Already, the UC Berkeley researchers noted, engineers may find themselves helping coworkers who have created incomplete software solutions through vibe coding. And some open source projects have reported an increase in low-quality, AI-driven submissions that eat away at core developers’ time.
It comes after a 2025 Harvard Business School working paper indicated that AI could lead to open source developers shifting their time from handling project management tasks, such as reviewing code contributions and maintaining lists of issues that contributors can fix, to generating code themselves.

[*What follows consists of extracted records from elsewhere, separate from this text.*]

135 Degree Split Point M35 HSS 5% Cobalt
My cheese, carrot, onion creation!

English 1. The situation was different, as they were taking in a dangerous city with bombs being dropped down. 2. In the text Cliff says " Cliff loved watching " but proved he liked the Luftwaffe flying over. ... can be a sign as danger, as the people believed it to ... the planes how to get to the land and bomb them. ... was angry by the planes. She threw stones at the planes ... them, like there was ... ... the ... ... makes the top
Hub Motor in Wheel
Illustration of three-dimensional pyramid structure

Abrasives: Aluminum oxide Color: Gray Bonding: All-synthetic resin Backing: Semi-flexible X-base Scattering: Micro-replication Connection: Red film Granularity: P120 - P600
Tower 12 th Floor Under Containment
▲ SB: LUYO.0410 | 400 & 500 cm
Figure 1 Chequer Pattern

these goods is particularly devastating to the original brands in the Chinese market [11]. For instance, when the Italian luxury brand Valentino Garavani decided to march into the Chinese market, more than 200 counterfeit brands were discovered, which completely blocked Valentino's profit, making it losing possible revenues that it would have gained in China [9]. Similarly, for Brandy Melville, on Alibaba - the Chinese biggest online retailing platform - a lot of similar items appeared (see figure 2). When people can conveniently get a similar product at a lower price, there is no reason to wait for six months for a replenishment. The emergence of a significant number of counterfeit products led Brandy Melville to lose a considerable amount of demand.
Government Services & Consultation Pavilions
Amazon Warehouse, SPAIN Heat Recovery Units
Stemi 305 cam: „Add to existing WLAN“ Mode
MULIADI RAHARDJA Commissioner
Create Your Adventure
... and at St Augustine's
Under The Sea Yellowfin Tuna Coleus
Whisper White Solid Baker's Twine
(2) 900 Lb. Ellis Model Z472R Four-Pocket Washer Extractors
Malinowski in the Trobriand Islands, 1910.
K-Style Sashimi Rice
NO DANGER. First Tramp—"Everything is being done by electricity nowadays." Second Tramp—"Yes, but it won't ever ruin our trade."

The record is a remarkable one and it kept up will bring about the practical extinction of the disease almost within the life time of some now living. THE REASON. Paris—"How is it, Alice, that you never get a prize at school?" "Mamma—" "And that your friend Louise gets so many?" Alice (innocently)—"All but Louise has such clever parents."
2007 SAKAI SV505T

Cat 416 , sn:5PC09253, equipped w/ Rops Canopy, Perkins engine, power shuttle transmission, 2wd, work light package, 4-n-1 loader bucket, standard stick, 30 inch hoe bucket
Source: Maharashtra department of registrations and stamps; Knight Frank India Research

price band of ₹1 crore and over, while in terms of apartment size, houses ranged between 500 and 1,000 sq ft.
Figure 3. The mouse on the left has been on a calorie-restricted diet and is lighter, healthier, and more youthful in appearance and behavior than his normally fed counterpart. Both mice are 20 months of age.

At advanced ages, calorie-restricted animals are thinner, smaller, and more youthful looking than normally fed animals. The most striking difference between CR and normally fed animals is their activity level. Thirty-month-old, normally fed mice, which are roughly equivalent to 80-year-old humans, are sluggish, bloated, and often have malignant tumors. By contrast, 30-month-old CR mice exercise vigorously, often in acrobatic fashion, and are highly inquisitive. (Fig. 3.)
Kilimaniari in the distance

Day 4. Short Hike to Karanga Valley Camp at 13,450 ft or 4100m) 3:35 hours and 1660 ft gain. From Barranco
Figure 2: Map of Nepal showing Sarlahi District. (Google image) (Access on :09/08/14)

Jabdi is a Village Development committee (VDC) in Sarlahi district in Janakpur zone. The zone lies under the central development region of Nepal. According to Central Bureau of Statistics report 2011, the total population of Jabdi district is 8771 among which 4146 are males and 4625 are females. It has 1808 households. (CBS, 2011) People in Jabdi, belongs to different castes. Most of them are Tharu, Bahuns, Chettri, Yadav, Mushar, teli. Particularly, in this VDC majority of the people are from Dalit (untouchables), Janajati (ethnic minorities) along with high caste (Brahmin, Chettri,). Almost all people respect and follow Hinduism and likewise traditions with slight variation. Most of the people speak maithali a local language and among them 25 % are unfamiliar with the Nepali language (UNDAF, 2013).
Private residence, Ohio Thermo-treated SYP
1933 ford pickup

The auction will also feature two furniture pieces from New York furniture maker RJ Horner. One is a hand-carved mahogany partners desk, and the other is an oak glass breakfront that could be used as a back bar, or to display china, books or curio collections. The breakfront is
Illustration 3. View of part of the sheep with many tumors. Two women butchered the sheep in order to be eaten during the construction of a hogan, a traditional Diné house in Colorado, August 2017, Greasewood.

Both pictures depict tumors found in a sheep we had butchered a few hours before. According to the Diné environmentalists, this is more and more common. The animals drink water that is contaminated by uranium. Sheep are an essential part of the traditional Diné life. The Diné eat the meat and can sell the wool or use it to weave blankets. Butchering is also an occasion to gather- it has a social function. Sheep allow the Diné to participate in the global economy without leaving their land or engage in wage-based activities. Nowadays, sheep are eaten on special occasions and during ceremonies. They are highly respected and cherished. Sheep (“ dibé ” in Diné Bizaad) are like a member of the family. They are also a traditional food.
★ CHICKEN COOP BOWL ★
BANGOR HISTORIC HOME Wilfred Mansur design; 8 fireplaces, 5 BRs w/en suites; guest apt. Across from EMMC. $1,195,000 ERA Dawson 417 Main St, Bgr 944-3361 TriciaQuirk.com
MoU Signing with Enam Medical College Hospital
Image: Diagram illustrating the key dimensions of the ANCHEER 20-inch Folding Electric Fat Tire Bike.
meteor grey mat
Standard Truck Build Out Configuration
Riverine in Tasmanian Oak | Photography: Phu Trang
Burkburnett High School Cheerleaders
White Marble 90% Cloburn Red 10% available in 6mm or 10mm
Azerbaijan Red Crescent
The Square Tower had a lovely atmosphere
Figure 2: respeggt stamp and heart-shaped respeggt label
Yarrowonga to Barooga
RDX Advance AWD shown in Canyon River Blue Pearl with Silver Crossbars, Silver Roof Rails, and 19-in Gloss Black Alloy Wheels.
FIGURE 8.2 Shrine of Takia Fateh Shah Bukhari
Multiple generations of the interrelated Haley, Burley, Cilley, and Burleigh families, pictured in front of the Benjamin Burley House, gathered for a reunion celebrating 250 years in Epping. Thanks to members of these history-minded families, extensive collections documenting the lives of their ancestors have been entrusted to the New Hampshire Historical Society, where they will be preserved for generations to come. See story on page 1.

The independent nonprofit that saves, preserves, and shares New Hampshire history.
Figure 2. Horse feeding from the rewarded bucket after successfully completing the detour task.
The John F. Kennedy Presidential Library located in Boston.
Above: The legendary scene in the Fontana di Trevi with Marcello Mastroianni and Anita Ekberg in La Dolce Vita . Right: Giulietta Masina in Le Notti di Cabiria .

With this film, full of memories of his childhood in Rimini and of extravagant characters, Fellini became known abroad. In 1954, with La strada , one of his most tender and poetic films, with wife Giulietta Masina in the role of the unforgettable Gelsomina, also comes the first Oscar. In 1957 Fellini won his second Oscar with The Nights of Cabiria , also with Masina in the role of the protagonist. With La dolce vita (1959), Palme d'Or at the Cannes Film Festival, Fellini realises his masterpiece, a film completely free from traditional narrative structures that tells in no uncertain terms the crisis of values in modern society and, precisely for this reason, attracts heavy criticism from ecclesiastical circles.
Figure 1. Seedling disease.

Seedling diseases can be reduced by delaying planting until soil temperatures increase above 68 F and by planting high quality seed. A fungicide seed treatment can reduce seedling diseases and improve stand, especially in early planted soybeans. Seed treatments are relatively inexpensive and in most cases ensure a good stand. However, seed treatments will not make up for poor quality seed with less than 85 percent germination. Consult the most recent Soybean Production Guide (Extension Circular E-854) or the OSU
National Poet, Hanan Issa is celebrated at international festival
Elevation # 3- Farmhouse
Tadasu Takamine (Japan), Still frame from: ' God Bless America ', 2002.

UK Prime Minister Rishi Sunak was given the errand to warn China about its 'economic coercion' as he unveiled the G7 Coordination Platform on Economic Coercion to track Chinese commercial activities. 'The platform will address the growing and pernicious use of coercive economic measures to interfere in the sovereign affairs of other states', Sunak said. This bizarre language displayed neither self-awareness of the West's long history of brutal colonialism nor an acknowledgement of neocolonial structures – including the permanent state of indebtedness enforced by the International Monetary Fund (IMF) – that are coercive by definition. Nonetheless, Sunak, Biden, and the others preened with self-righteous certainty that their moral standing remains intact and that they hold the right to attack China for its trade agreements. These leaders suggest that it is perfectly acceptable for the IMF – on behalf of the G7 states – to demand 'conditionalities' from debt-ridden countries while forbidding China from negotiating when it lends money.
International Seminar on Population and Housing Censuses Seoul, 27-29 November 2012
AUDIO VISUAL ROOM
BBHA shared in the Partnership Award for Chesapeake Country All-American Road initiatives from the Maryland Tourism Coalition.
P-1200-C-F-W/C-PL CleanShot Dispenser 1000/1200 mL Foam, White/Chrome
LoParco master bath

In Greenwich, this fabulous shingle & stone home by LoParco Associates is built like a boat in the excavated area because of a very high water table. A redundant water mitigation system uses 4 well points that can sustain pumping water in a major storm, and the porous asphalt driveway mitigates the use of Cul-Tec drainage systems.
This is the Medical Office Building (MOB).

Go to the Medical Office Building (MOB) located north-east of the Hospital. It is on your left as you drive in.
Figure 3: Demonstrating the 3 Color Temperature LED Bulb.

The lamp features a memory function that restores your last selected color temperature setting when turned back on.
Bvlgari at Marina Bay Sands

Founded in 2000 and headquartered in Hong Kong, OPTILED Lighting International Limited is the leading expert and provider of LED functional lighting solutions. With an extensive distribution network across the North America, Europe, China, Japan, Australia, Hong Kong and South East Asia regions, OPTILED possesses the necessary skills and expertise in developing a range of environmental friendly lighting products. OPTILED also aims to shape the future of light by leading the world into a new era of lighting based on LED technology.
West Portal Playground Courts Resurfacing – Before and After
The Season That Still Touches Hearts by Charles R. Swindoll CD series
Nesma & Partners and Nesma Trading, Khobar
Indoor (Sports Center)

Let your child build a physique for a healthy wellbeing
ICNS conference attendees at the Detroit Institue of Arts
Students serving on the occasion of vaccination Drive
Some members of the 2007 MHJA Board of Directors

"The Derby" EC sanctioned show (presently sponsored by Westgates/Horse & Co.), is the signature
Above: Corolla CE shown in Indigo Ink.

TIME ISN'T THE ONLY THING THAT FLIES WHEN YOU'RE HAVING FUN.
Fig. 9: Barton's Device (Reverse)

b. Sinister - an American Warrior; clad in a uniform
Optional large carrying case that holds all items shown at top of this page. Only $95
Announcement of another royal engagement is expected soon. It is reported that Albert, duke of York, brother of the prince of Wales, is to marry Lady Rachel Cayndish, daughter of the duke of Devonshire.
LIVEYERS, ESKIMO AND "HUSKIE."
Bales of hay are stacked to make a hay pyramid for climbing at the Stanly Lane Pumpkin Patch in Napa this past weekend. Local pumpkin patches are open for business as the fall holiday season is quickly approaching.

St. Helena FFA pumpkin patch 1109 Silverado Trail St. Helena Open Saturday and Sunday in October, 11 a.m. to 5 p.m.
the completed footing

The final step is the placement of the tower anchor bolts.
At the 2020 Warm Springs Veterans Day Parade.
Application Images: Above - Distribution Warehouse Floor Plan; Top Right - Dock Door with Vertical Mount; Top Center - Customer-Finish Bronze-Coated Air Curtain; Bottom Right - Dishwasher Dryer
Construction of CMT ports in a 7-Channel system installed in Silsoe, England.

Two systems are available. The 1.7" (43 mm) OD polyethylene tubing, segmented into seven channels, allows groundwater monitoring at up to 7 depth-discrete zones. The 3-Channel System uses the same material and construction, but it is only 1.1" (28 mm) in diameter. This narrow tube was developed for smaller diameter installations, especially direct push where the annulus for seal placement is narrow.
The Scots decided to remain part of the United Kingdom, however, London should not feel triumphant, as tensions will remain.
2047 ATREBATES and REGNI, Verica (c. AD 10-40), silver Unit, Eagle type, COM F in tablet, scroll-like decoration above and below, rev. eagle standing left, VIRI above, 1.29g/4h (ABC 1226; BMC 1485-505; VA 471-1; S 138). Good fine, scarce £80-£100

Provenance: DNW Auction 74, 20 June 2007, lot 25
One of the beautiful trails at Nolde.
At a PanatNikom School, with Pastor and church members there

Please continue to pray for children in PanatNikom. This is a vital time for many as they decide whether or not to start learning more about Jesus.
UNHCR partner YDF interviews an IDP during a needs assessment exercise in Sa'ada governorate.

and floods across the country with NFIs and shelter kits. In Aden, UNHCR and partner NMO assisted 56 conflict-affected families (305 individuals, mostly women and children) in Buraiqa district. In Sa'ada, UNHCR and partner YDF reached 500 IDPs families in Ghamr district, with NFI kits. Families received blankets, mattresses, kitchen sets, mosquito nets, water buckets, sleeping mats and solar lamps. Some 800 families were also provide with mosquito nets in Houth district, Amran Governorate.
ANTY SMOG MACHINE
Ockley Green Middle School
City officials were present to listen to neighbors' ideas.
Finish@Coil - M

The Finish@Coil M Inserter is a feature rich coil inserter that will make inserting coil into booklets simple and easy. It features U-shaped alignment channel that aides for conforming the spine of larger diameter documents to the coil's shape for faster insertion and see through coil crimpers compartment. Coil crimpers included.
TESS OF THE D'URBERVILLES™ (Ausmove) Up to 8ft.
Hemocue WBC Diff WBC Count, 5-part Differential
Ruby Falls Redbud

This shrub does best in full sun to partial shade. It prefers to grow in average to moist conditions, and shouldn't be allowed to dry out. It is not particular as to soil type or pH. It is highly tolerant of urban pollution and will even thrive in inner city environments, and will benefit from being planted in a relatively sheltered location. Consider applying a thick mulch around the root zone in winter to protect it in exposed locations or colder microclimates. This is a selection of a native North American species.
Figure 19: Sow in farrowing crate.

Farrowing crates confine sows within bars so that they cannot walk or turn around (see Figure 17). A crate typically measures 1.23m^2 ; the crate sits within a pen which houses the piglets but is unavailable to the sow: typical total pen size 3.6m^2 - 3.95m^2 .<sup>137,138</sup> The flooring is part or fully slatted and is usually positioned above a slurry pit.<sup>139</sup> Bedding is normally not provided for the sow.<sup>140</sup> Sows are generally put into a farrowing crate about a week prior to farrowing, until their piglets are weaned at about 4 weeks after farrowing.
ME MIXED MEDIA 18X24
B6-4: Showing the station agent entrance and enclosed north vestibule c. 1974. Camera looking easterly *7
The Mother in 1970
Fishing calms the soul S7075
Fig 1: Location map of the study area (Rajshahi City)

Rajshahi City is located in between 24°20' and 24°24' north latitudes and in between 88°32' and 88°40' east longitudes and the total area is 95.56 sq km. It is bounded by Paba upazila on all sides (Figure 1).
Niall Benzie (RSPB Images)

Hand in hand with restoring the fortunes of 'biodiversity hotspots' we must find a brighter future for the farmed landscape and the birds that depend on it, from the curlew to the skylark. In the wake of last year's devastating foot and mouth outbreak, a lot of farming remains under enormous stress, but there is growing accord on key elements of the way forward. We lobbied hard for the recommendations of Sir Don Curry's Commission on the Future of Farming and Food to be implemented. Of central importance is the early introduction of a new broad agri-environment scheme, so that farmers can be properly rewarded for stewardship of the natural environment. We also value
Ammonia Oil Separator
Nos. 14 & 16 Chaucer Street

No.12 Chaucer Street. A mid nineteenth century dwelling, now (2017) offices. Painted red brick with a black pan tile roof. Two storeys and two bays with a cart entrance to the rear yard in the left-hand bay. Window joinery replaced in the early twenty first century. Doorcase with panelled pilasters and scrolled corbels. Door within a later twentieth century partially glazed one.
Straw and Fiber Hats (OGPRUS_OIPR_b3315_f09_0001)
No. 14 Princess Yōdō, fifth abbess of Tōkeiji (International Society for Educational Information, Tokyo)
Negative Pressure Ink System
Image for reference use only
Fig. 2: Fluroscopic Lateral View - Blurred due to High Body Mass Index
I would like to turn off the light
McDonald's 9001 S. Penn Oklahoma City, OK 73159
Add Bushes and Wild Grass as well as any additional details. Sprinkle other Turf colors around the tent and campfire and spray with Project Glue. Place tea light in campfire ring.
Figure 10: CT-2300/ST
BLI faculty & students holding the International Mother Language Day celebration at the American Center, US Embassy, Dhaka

“You can do it yourself now, so there’s not a lot of need to interact a lot with others,” says Manuel Hoffmann, a co-author of the paper and an assistant professor of information systems at the University of California, Irvine’s Paul Merage School of Business. “And that’s not necessarily a bad thing.”
Still, such use of AI can limit another channel for less experienced programmers to hone their skills, develop professional networks, and expand their resumes.
And as AI redefines what productivity means, workplace structures that prevent burnout, keep workloads manageable, and provide opportunities for advancement and training may be more important than ever.
“When you have big things happening, and you add some AI to the mix, they’re probably going to get better,” says Harvey. “And when you have painful things happening, (and) you add some AI to the mix, (you’re) likely to feel that pain a little more acutely.”